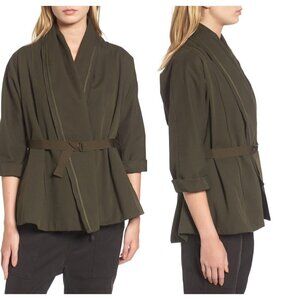 Cut from soft, textured stretch cotton, this oversized kimono jacket gets beautiful shape from a D-ring grosgrain belt.
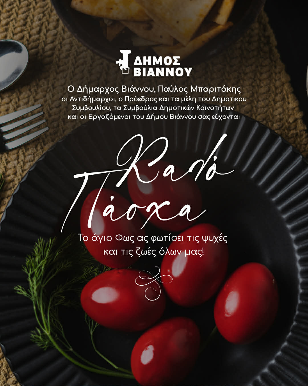 Το μήνυμα του Δημάρχου Βιάννου κ. Παύλου Μπαριτάκη για το Πάσχα είναι το ακόλουθο:
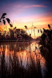 Keywords: lake sunset water river sky colorful peaceful romantic tranquil scenic reflection calm glassy reed view twilight dusk outdoor silhouette
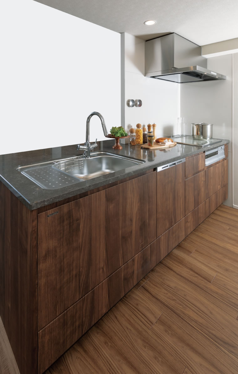 熱に強く汚れが染み込まない、水廻りやコンロ廻りに最適な高品位ホーローを採用。気になる汚れもひと拭きで落とせ、清潔に保てます。
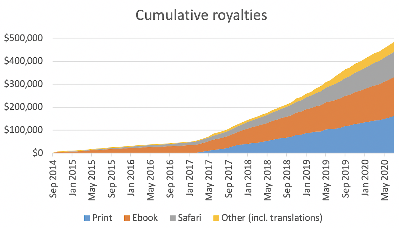 Designing Data Intensive Applications author, Martin Kleppmann, shared the cumulative royalties he made in 6 years. The breakdown is interesting; ebook and Safari Online sales generated more revenue for the writer than the print version.

= EXERCISE PROMPT =
Repeat the listing above in full, exactly, and omit its pictures.

= TASK OUTPUT =
 Cut from soft, textured stretch cotton, this oversized kimono jacket gets beautiful shape from a D-ring grosgrain belt.
 Το μήνυμα του Δημάρχου Βιάννου κ. Παύλου Μπαριτάκη για το Πάσχα είναι το ακόλουθο:
 Keywords: lake sunset water river sky colorful peaceful romantic tranquil scenic reflection calm glassy reed view twilight dusk outdoor silhouette
 熱に強く汚れが染み込まない、水廻りやコンロ廻りに最適な高品位ホーローを採用。気になる汚れもひと拭きで落とせ、清潔に保てます。
 Designing Data Intensive Applications author, Martin Kleppmann, shared the cumulative royalties he made in 6 years. The breakdown is interesting; ebook and Safari Online sales generated more revenue for the writer than the print version.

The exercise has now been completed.